=== The data ===

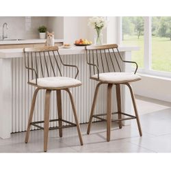 Swivel Counter Height Bar Stools Set of 2, 26" Mid-Century Modern Counter Stools with Spindle Back Arms & Bentwood Frame, Upholstered Wood Barstools f$99El Monte, CA
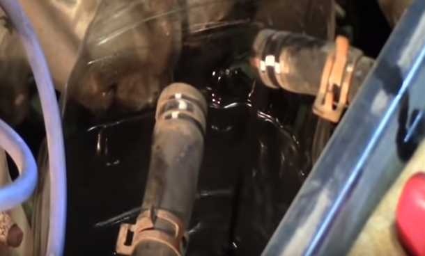 Затем аккумулятор отключается, после чего из резервуара выкачивается максимально возможное количество старого масла. После опорожнения бака необходимо открутить крепления и отсоединить патрубки, которые идут к баку. После снятия бака его можно промыть дизельным топливом для удаления грязи.
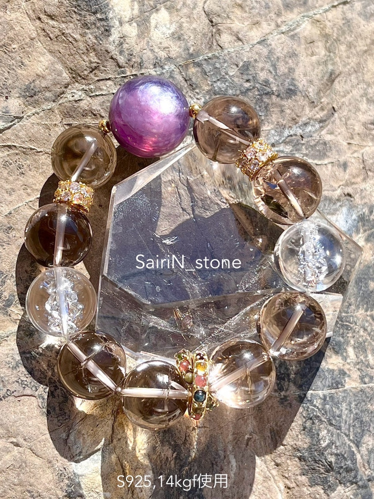 高品質天然石・S925パーツ使用 天然石 ブレスレット パープルマイカ アイリススモーキー アイリス水晶
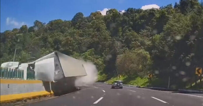 Accidente en la autopista México-Cuernavaca: un tráiler se voltea en La Pera
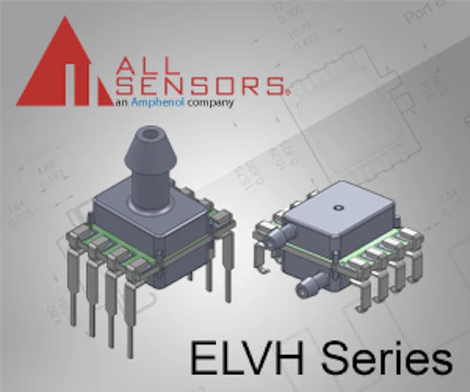 Amphenol All Sensor’s ELVH Series pressure sensors are available in pressure ranges from 0.5 inH2O through 150 PSI, including millibar calibrations. The series is compatible as a replacement for alternate suppliers. Outputs include digital I2C or SPI in 14-bit output or ratiometric analog. Various lead and port options are available, as is an optional parylene coating for moisture or harsh media protection.
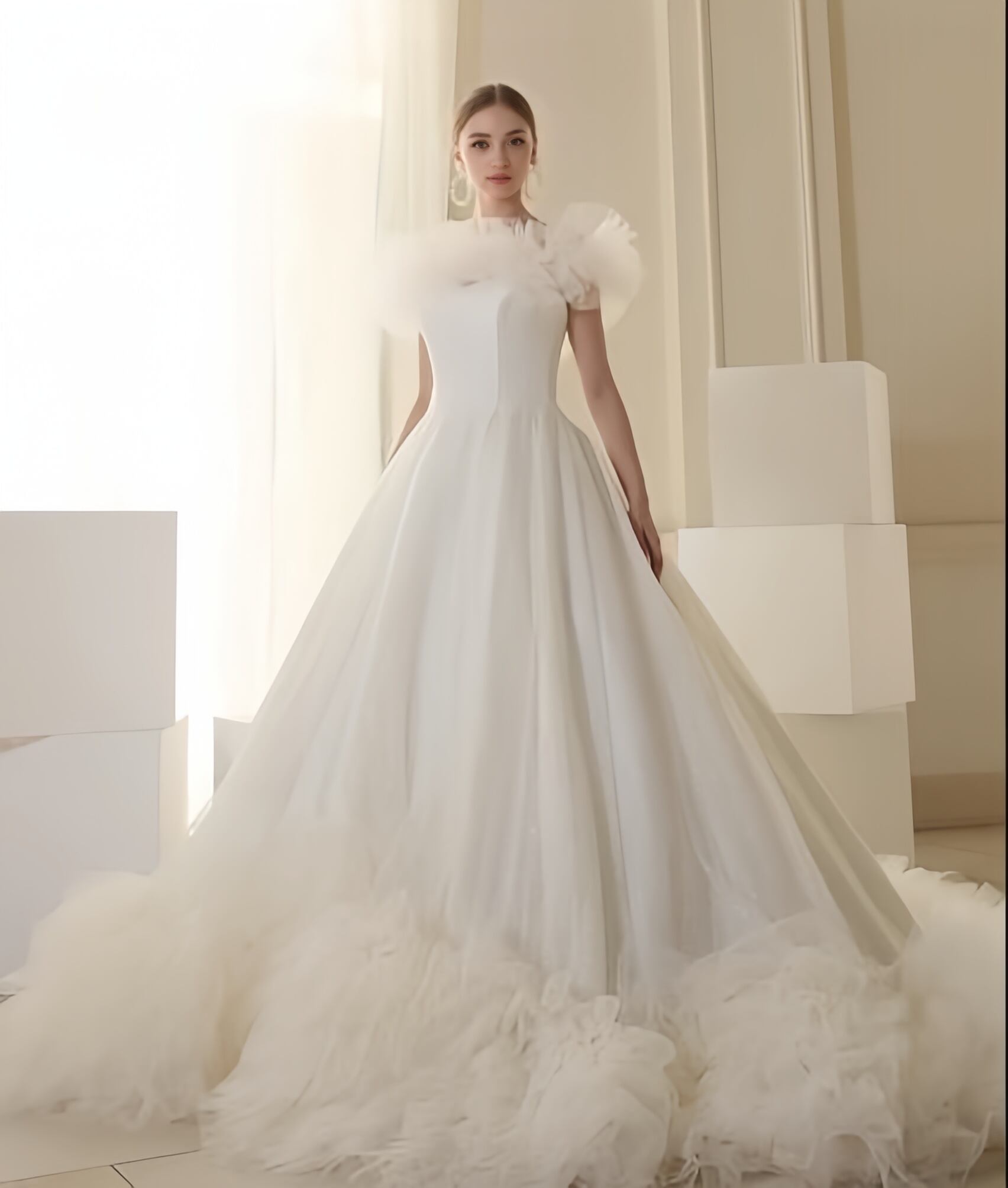 高品質!送料無料!ウエディングドレス オフショルダー フリル かわいい キラキラチュール ラメ エレガント 優雅 ハンドメイド トレーン ソフトチュール オーダードレス ガーデンウェディング プリンセスライン 花嫁 豪華 結婚式/前撮り | David1021k Dress(ダヴィドレス)

===

The task —
Exact repeats of the lines from the first one in the data through the line containing "Затем аккумулятор отключается, после" make up the answer. Pictures do not.

Completed task —
 Swivel Counter Height Bar Stools Set of 2, 26" Mid-Century Modern Counter Stools with Spindle Back Arms & Bentwood Frame, Upholstered Wood Barstools f$99El Monte, CA
 Затем аккумулятор отключается, после чего из резервуара выкачивается максимально возможное количество старого масла. После опорожнения бака необходимо открутить крепления и отсоединить патрубки, которые идут к баку. После снятия бака его можно промыть дизельным топливом для удаления грязи.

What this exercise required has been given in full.